Below this line is a listing that includes pictures. Copy exactly, and only, the lines from the one containing "This pattern is" through the one containing "प्रश्न 15. चतुर्भुज"; the pictures do not go in the copy.

#### Data supplied

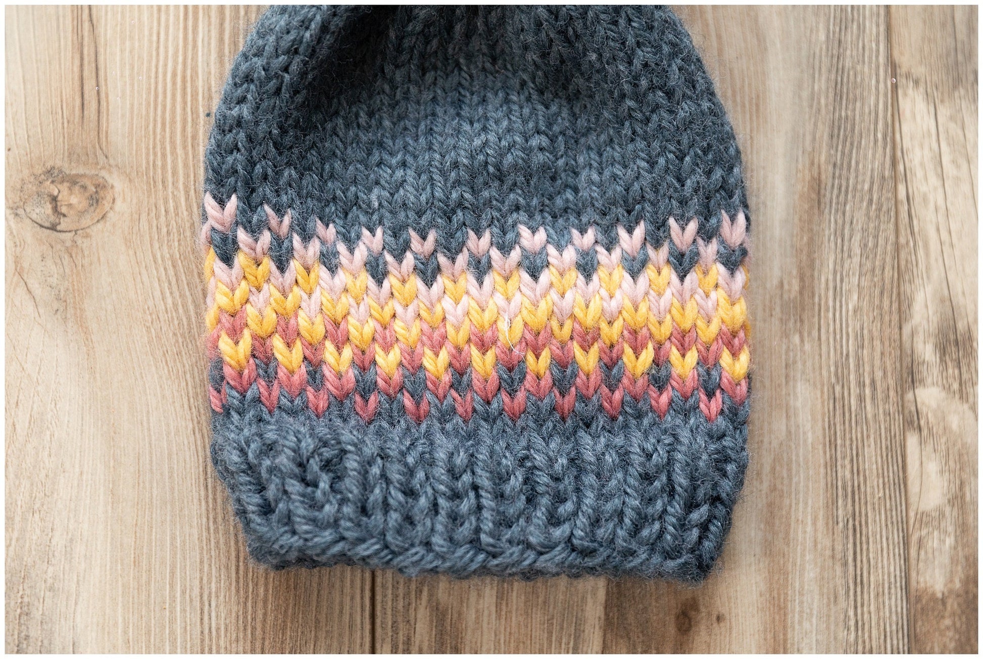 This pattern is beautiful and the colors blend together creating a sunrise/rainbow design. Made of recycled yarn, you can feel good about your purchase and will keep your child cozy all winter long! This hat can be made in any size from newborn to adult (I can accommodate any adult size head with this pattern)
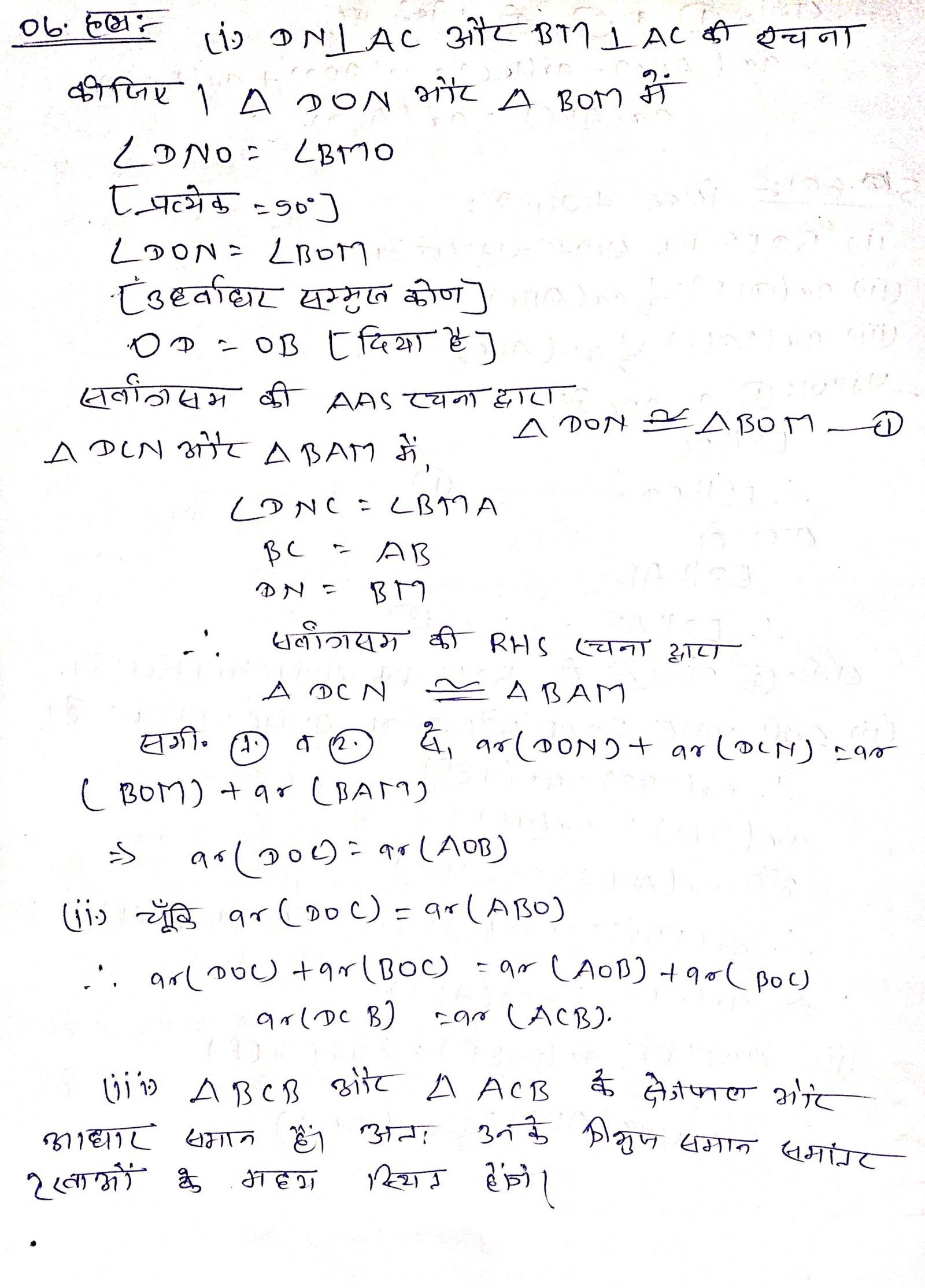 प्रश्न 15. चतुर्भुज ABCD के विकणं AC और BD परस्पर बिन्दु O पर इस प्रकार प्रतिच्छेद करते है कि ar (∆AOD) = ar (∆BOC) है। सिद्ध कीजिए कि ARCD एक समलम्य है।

########
#### Data supplied

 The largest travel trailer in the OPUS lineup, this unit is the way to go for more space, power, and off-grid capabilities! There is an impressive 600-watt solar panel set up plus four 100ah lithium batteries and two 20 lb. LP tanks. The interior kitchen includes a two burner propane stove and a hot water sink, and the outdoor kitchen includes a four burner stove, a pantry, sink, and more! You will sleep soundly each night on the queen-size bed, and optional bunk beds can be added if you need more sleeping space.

########
#### Data supplied

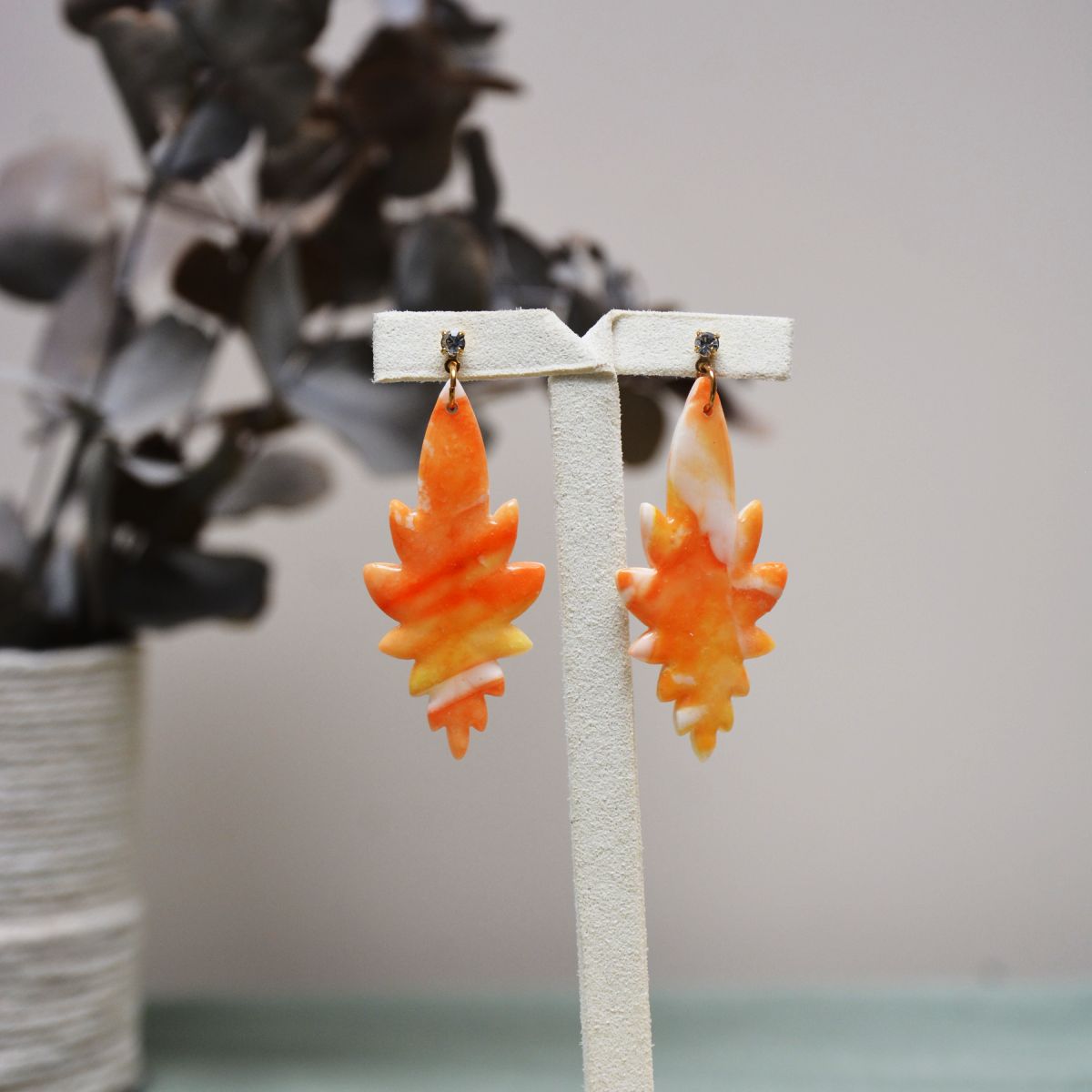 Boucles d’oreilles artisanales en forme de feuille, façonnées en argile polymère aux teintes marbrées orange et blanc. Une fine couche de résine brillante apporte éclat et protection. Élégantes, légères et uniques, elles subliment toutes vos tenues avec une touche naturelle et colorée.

########

§ **Final answer**
 This pattern is beautiful and the colors blend together creating a sunrise/rainbow design. Made of recycled yarn, you can feel good about your purchase and will keep your child cozy all winter long! This hat can be made in any size from newborn to adult (I can accommodate any adult size head with this pattern)
 प्रश्न 15. चतुर्भुज ABCD के विकणं AC और BD परस्पर बिन्दु O पर इस प्रकार प्रतिच्छेद करते है कि ar (∆AOD) = ar (∆BOC) है। सिद्ध कीजिए कि ARCD एक समलम्य है।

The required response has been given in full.